_Try it_
Copy, exactly as written, the lines that begin at the one containing "KOCH SYSTEME CS" and end at the one containing "Беспроводной монопод для". Skip any pictures in the data below.

_Supplied data_
·····

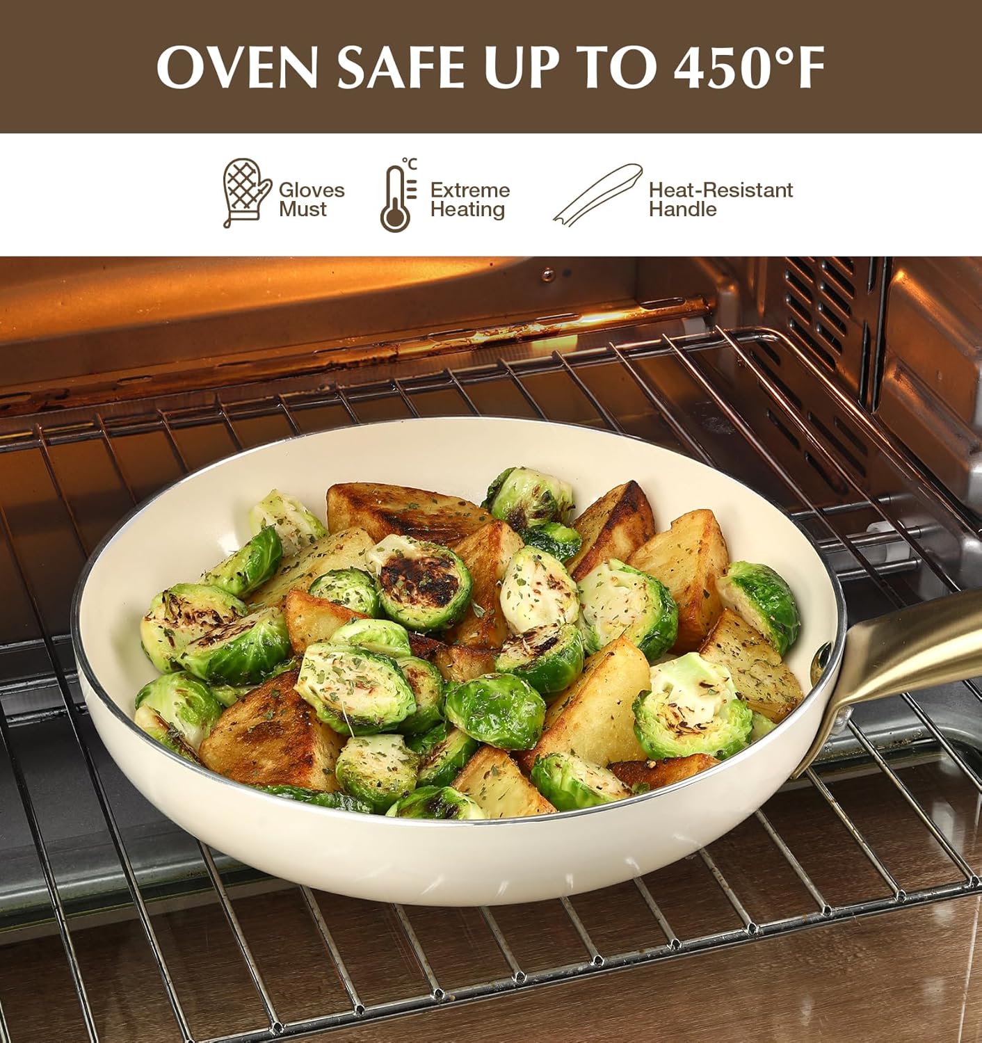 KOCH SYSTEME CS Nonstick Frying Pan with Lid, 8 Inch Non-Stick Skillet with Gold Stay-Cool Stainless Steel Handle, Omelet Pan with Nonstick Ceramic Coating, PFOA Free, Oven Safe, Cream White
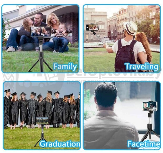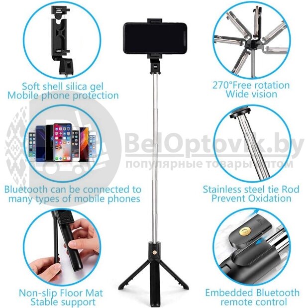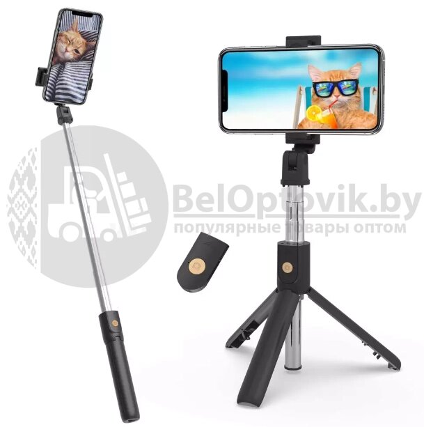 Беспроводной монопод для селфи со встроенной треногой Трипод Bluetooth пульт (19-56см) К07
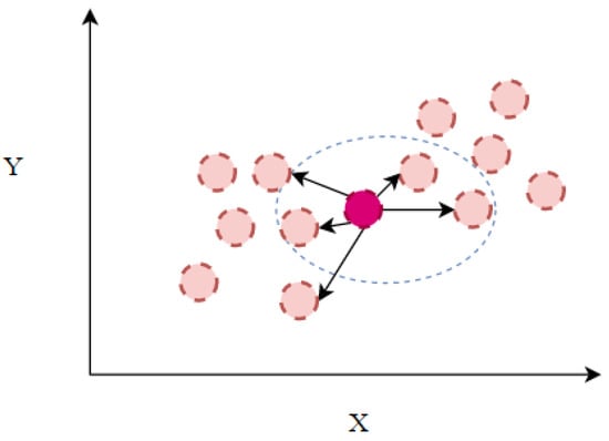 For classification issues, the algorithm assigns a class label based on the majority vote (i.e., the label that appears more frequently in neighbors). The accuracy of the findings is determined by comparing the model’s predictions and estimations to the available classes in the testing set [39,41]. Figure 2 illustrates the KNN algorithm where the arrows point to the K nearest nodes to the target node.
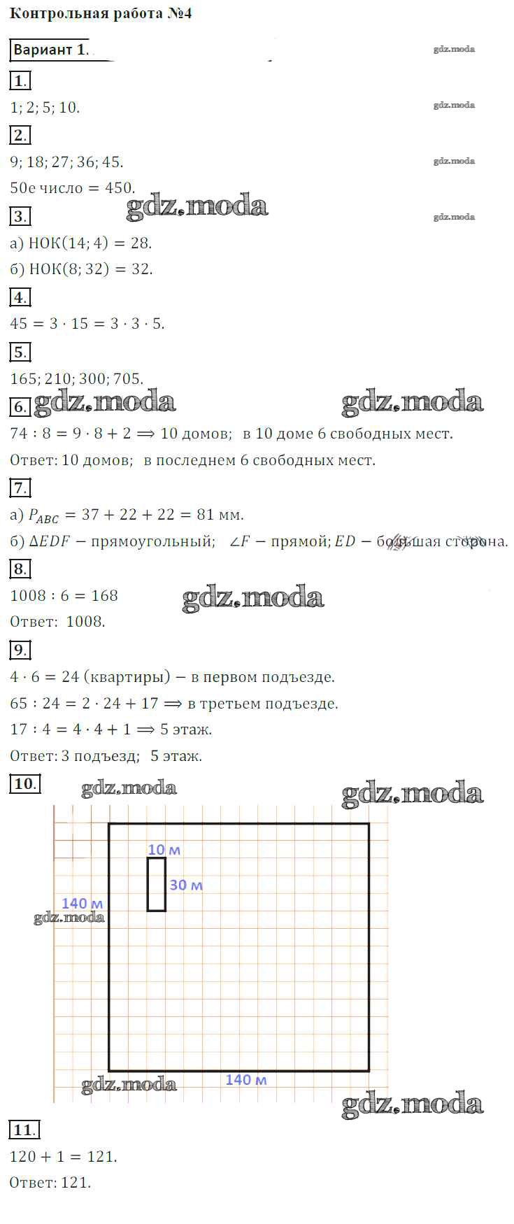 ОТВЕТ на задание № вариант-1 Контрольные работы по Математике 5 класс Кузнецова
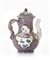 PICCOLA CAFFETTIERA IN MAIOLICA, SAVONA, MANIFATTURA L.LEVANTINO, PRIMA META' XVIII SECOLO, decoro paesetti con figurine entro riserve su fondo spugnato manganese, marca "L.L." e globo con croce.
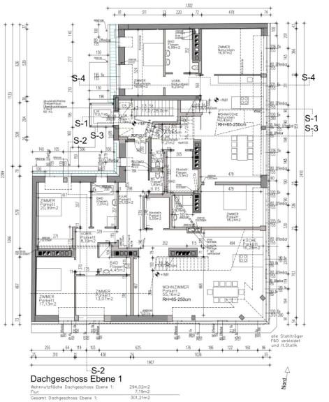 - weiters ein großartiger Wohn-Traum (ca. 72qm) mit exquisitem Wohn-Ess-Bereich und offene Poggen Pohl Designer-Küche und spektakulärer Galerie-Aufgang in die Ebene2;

·····

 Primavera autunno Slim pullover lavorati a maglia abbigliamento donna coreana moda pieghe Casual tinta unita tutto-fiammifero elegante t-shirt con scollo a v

·····

_Result_
 KOCH SYSTEME CS Nonstick Frying Pan with Lid, 8 Inch Non-Stick Skillet with Gold Stay-Cool Stainless Steel Handle, Omelet Pan with Nonstick Ceramic Coating, PFOA Free, Oven Safe, Cream White
 Беспроводной монопод для селфи со встроенной треногой Трипод Bluetooth пульт (19-56см) К07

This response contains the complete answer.